Ich kann nur vermuten, wie der Headcoach und die anderen Coaches auf seinen Vorschlag reagierten, aber es würde mich nicht wundern, wenn sie Jörg zunächst belächelten, vielleicht sogar auslachten oder für verrückt erklärten. Wie ich später erfuhr, erzählte mein Vereinstrainer ihnen, dass ich für mein Alter schon sehr weit sei und sie sich diesen riesigen Jungen unbedingt einfach anschauen sollten, es sei ja nur ein Tryout, gucken kostet nichts. Er kämpfte für mich und ließ nicht locker. Was das angeht, sind wir uns wohl sehr ähnlich.

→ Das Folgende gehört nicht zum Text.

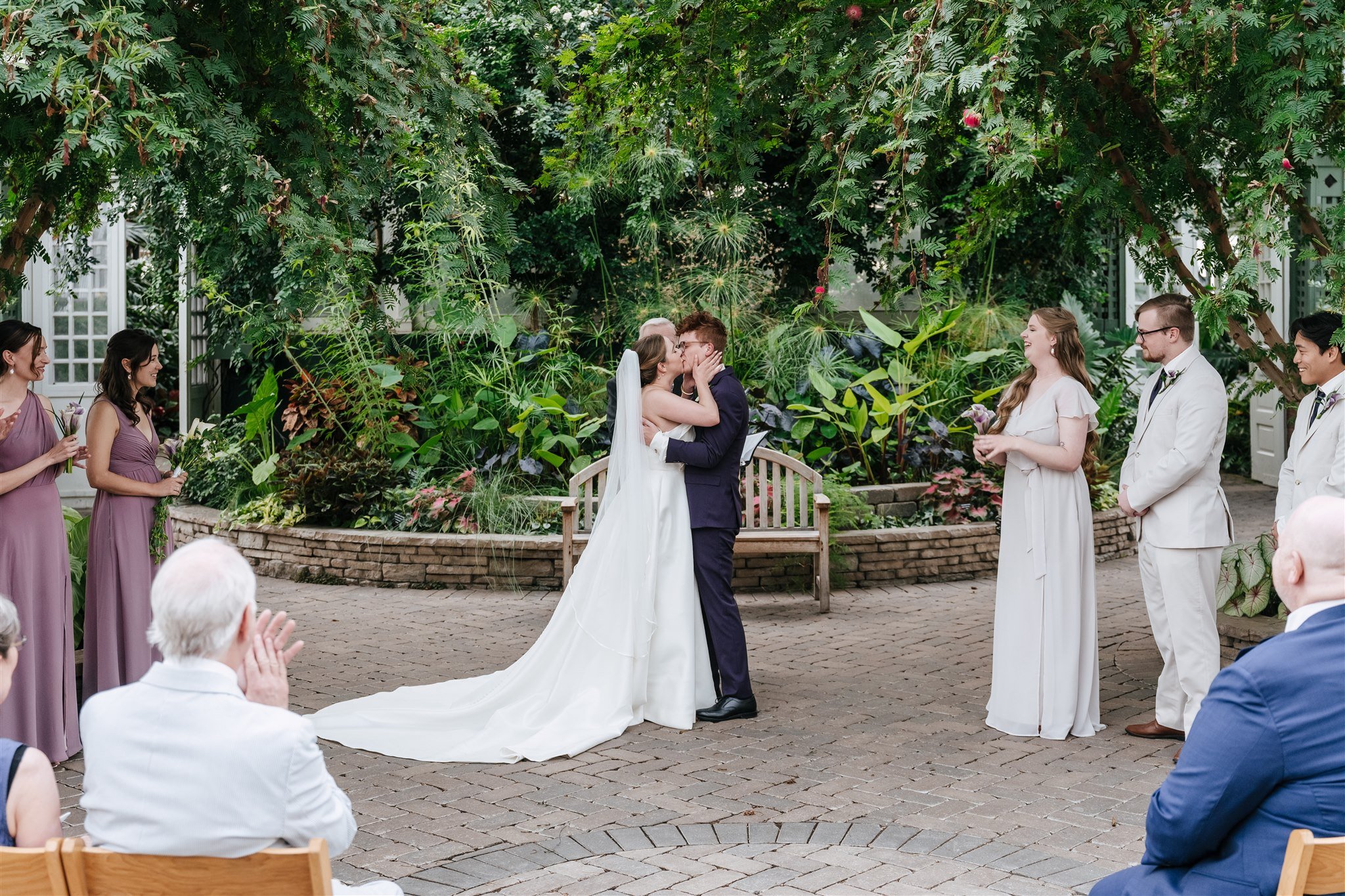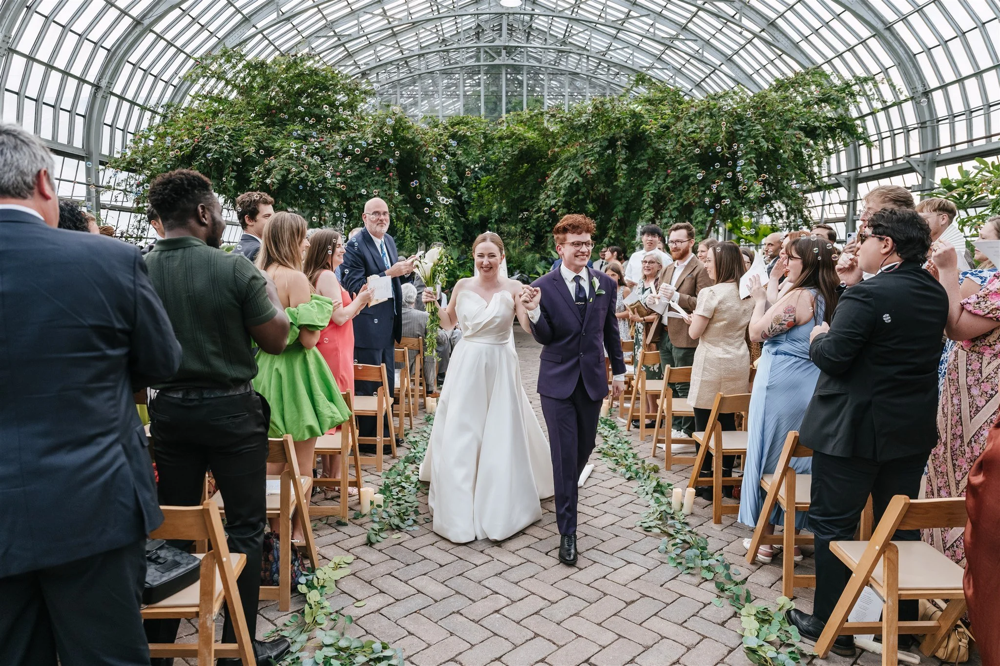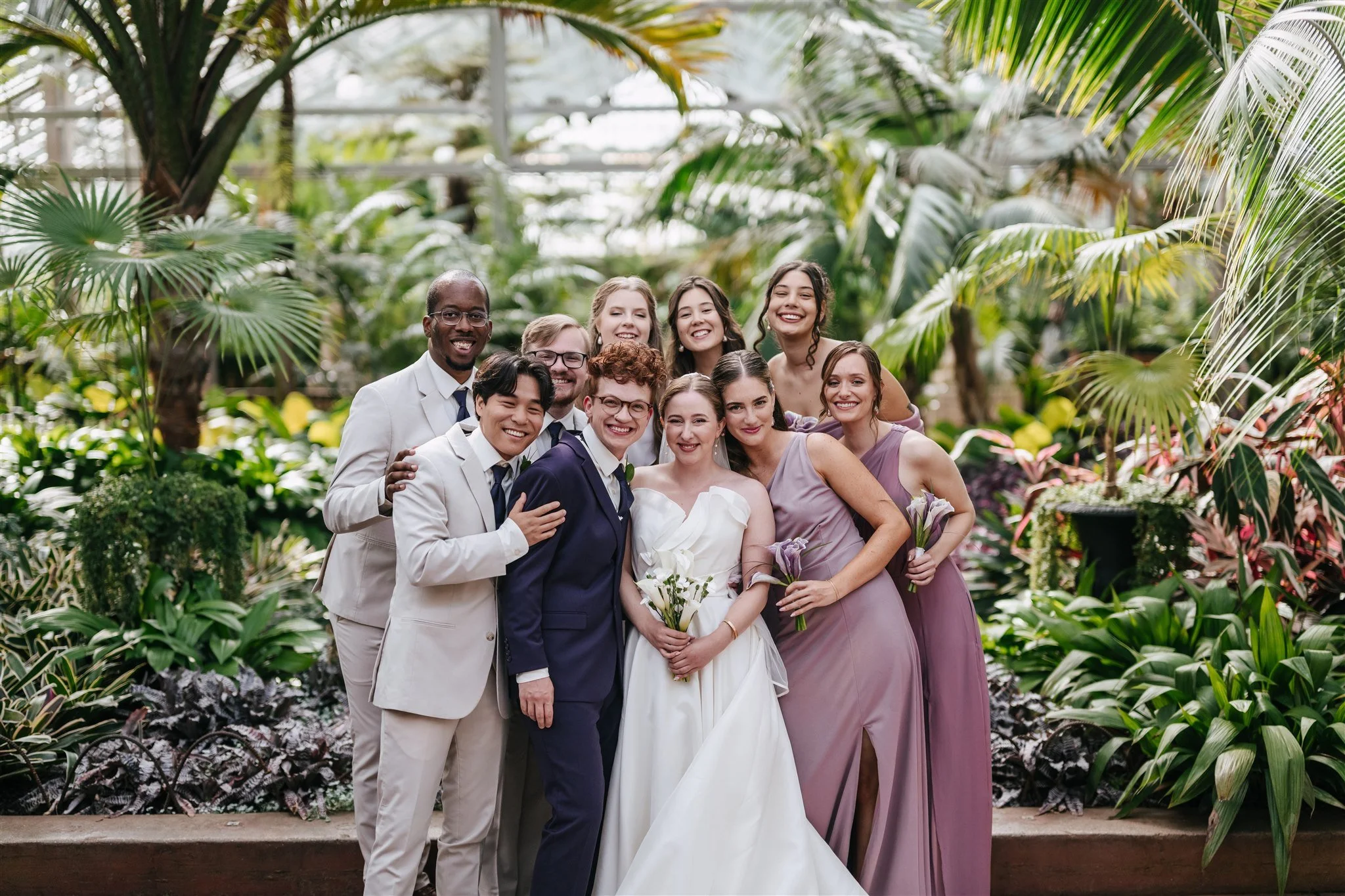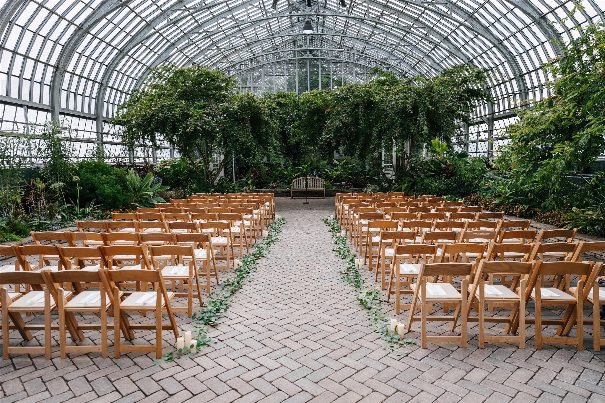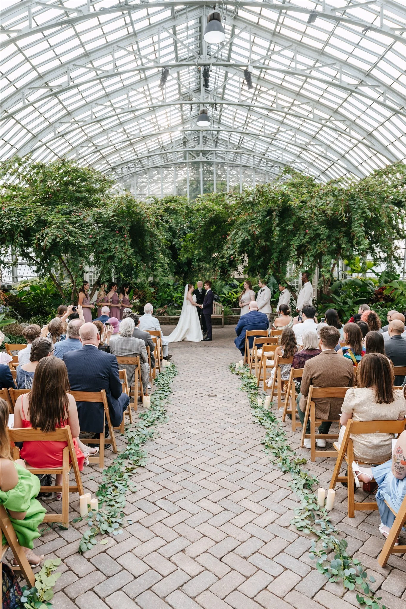 Sarah and Callen had such a romantic, fun wedding that we absolutely loved being a part of! They had perfect weather, the perfect venue, and SO much fun. We were their day-of coordinators and made sure that they and their family and friends were all able to have a good time together. The ceremony and reception both were at Garfield Park Conservatory in Chicago, and they were able to get amazing photos like they dreamed.
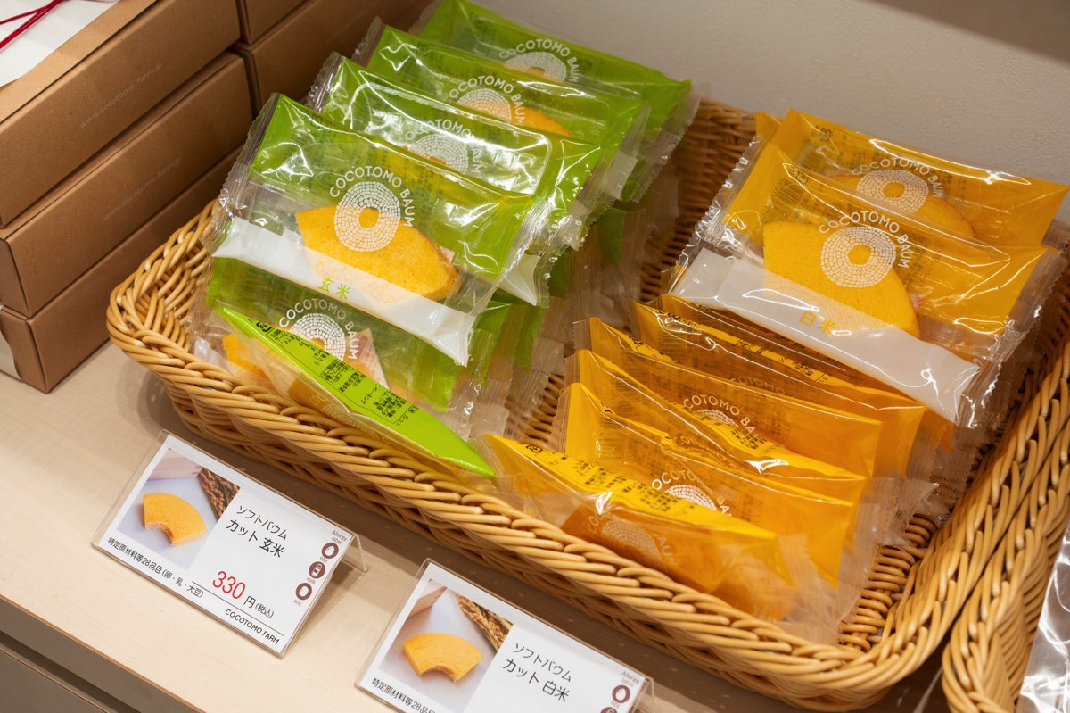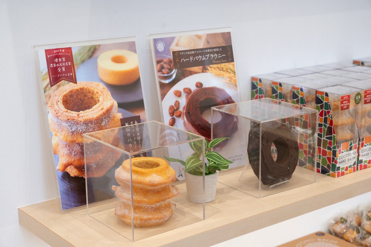 一番人気の玄米ハードバウムは香ばしく、じっくり焼くことでまわりはサクサク、中はもっちりとした食感に。カットやハーフサイズ、スティックもあるので、普段使いやギフトなどに活躍しそう♪
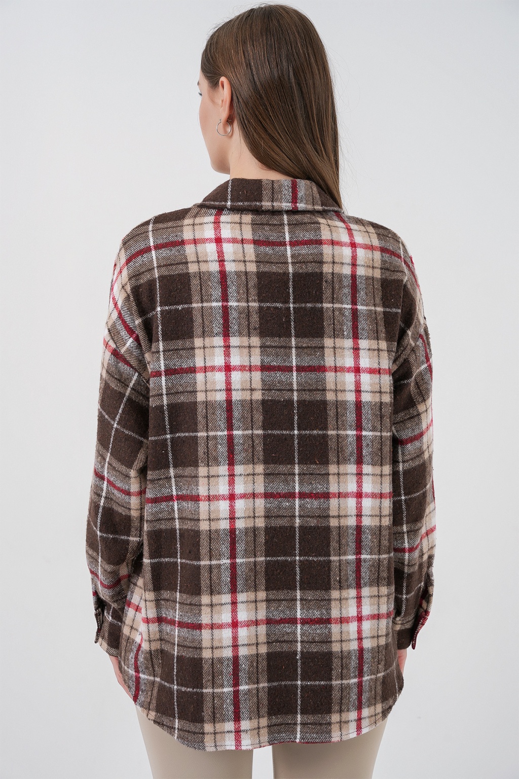Kadın Ekose Desen Oversize Oduncu Gömlek 3854 Vizon
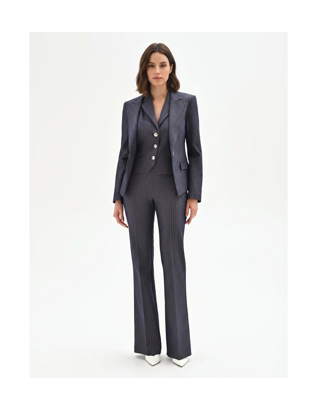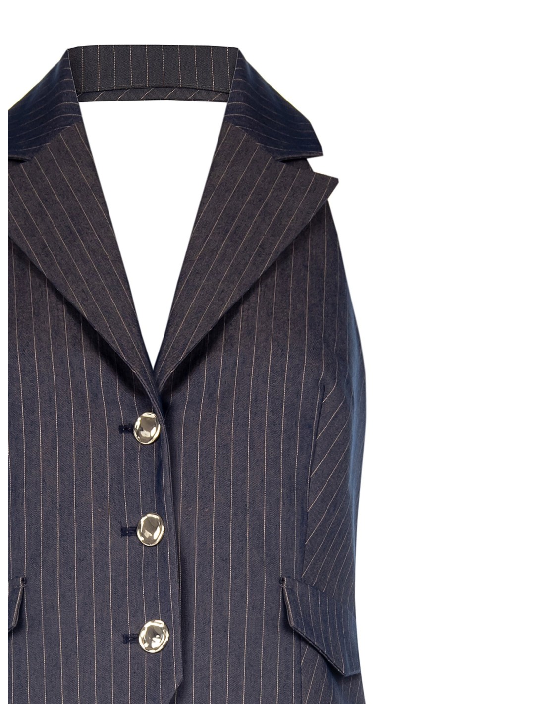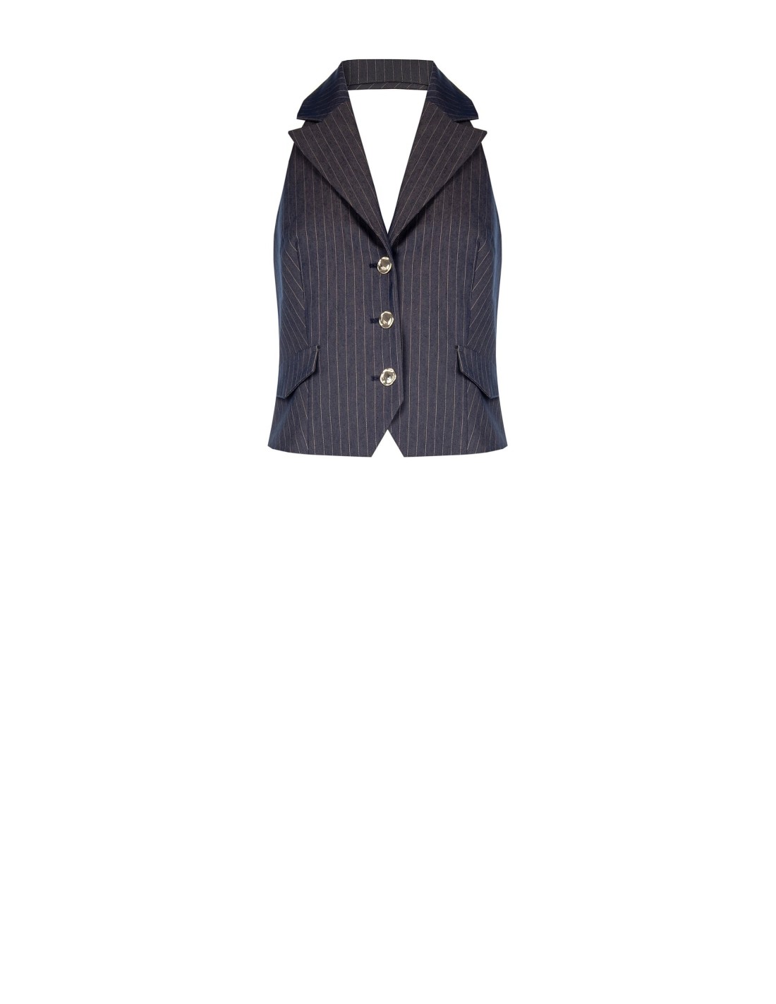 Colete sartorial justo em tecido risca-de-giz, macio mas estruturado para valorizar a cintura. Gola revere, decote profundo em V e costas valorizadas por uma faixa. Botões joia frontais. Perfeito com calças flare para o escritório ou com jeans e saltos para um aperitivo.
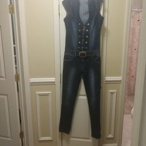 Nwt sexy denim jumpsuit. Size XL but fits an 8/10 best. I'm a 6 or 8 depending on brand. 34 d chest. I'm 5'5" for reference and it's a lil long. Has built-in belt. Hubby bought for me at a boutique in Vegas.
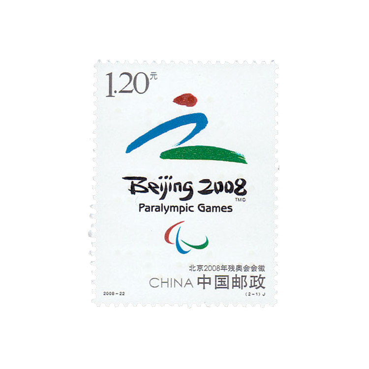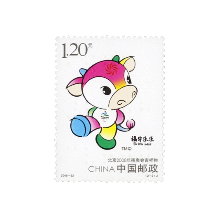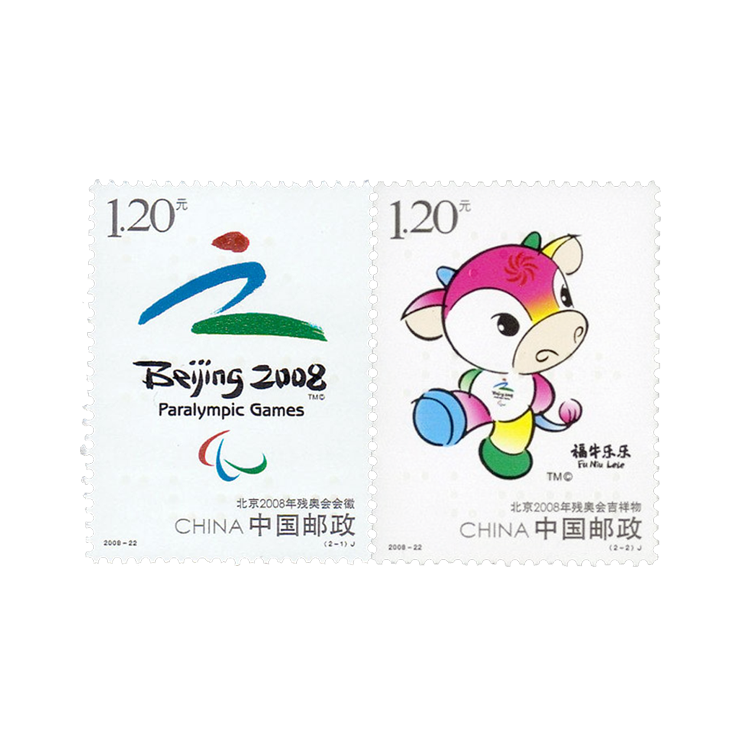 残疾人奥林匹克运动会,是专为残疾人举行的世界大型综合性运动会。2008年9月6-17日,北京2008年残奥会在中国北京隆重举行,实现了中国对世界“两个奥运,同样精彩”的庄严承诺。为了表现这种纪念意义,中国邮政特发行了《北京2008年残奥会》纪念邮票,全套2枚,面值均为1.20元。这套邮票的发行时间为2008年9月6日,正值开幕当天,更具纪念意义。为了使这套邮票更为完美,特请邮票设计师刘波精心设计,并交由北京邮票厂印制。这套邮票的票名分别为“北京2008年残奥会会徽”和“北京2008年残奥会吉祥物 ”,并以其为主图,会徽把中国的文字、书法和残奥会运动精神融为一体,吉祥物选牛为形象,名为“福牛乐乐”,蕴含着残疾人运动员自强不息和顽强拼搏的精神,面值位于邮票左上角,“CHINA中国邮政”字样位于邮票右下角。两枚邮票与残奥会“超越、融合、共享”的理念完美契合。
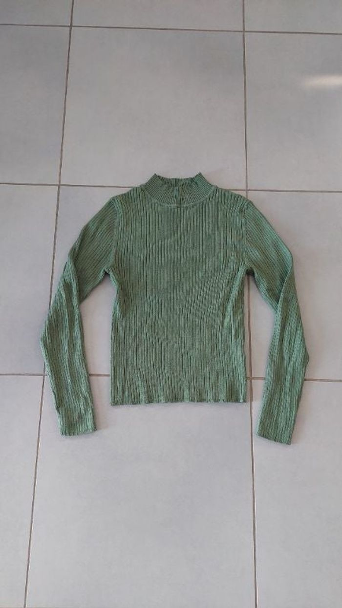 Pull léger, vert, côtelé avec petit col. Marque Primark Taille XS / 34. Très bon état
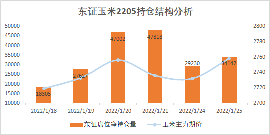 (东证席位玉米2205合约近6个交易日持仓结构分析;来源:东方财富网)
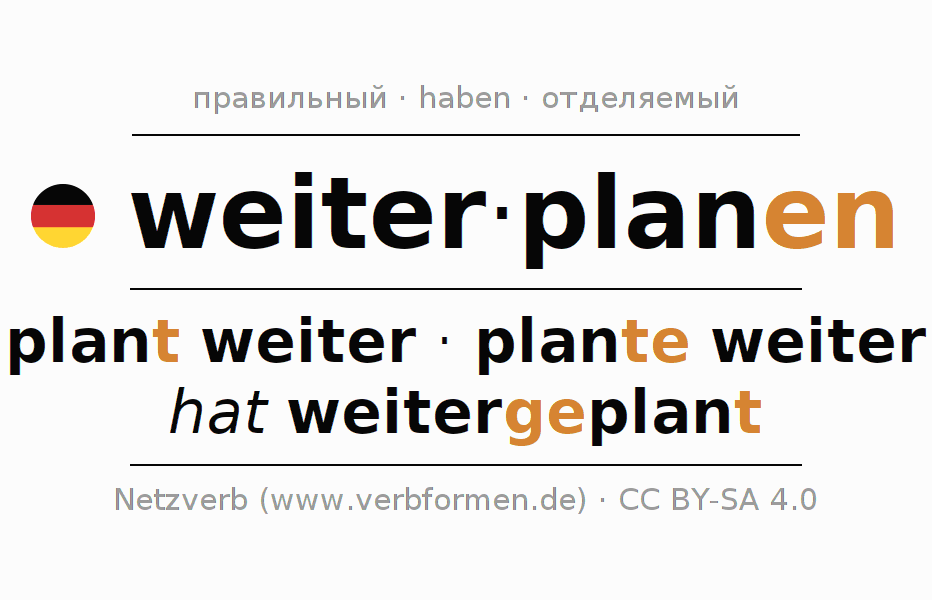 - Презенс: ich plane weiter, du planest weiter, er plane weiter, wir planen weiter, ihr planet weiter, sie planen weiter
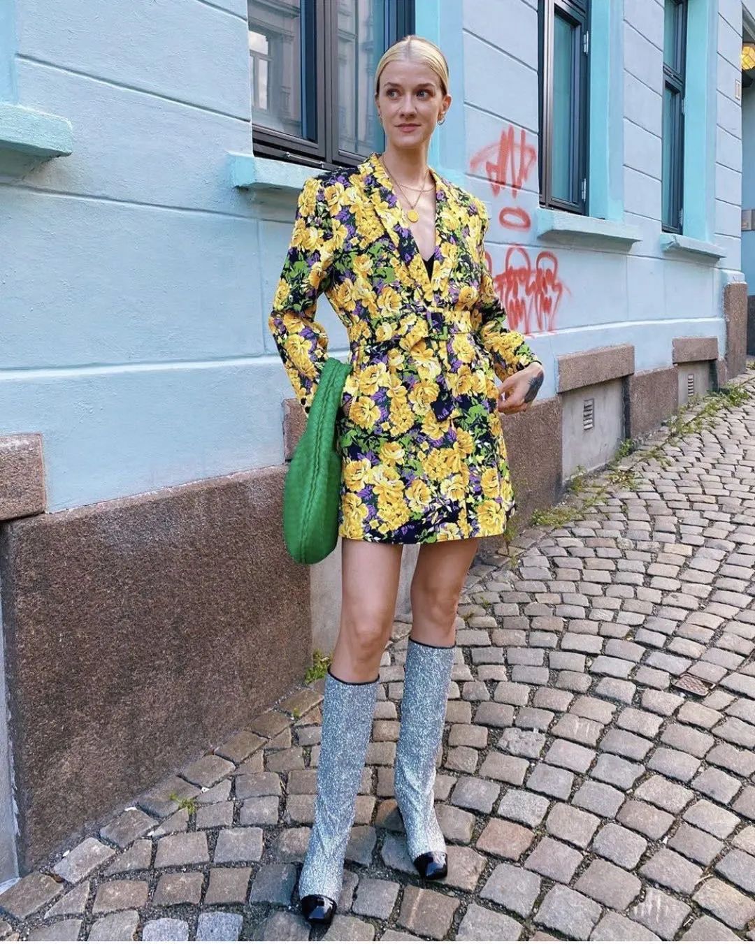 或者是学习博主Marianne的穿法,用印花长靴搭配,表现同样可圈可点。

Er muss sehr überzeugend gewesen sein oder sehr hartnäckig oder beides, jedenfalls saß ich wenig später mit meinem Coach und einer Handvoll unserer besten Adler-Junioren in einem Kleinbus auf dem Weg nach Hannover.

Man kann nicht behaupten, dass ich mit offenen Armen empfangen wurde, und ich hatte nicht das Gefühl, dass jemand außer Jörg meine Begeisterung über die Teilnahme am Tryout uneingeschränkt teilte. Die anderen Jungs kannten sich untereinander schon länger, weil sie seit Jahren in der GFL Juniors, der Jugend-Bundesliga, miteinander oder gegeneinander spielten und auch in den Auswahlteams der Bundesländer oder der Nationalmannschaft das gleiche Trikot getragen hatten. Football in Deutschland war zur damaligen Zeit eine kleine eigene Welt, in der so gut wie jeder jeden kannte. Die meisten der Anwesenden zeigten mir die kalte Schulter oder bedachten mich mit spöttischen Blicken. Nach dem Motto: Was will das Kind denn hier? Viele der eingeladenen Spieler waren längst schon 18, und in diesem Alter ist man ja nicht nur offiziell volljährig, man fühlt sich auch verdammt erwachsen. An ihrer Stelle hätte ich vermutlich dasselbe über ein blasses und schweigsames Riesenbaby wie mich gedacht, schließlich hatte sich nicht nur mein Alter schnell herumgesprochen, sondern auch die Tatsache, dass ich überhaupt noch kein einziges Footballspiel bestritten hatte. Die Reaktion auf meine Anwesenheit schwankte zwischen Unverständnis und Belustigung. Bei aller Konkurrenz im Kampf um die Kaderplätze schienen sich in meinem Fall schon alle einig, bevor das Tryout überhaupt begonnen hatte: Der hat hier nichts zu suchen.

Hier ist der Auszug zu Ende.